Scheer never made any bold proposals like this. For affordability, Scheer did a mix of targeted tax credits providing minimal relief along with simple handouts that could have just as easily been proposed by the Liberal Party, like making EI parental leave benefits tax-free. Stephen Harper provided more leadership by proposing that parents getting EI parental leave could earn self-employment income without having their benefits clawed back. Recognizing the incentives that could get someone back to work is a conservative skill.
We can also consider the value of Conservatives on social issues. People with dangerous amounts of self-certainty are quick to sneer that you shouldn’t be on the wrong side of history, but there have been times when the forces of “social progress” ended up being complete nonsense. Forced sterilization of certain groups of people in order to improve the human race comes to mind.
The problem is, we can’t really know which progressive movements are the “right side of history” without hindsight. Conservatives can provide second thought and value for how things have traditionally been done. We don’t thoughtlessly dismiss the past.

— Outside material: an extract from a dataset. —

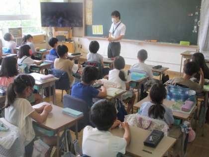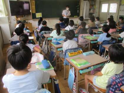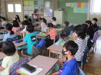 3校時の理科授業が今、始まったばかり。4年生は先生のお話を静聴できていますね。「うるさい!」「おしゃべりをやめなさい」なーんて注意は、全く必要ありません。素晴らしい!

We need that restraint in the topics of social progress today. Laws like Bill C-16 have restricted people’s freedom to speak out on the topic of gender identity. The law passed with nary a peep from the formal Conservative Party. Conservatives, fresh off of realizing that they had the wrong side of the legal marriage debate, seem reticent to weigh in on this social issue and defend the civil liberties of people who question gender identity ideology, even when most common sense people would want them to do this.
Now, people who are far from conservative, like feminist Meghan Murphy, are seemingly alone in their fight against gender identity ideology and standing up for civil rights.
Imagine the assistance that an articulate Conservative leader could bring to this debate that’s happening outside of our formal political scene. We don’t know, because Andrew Scheer never talks about this issue in public. It’s too divisive for him.
Without Conservatives at the table, our society is going all-in on one side of the ideological spectrum. We’re abandoning one side of the ideological tug of war that’s healthy for a society, and that could result in our country going over the edge of a cliff. We’re losing solutions that matter to the issues you care about.
It’s not just that the Conservative Party that deserves better. Canada deserves better. Canada deserves strong Conservatives.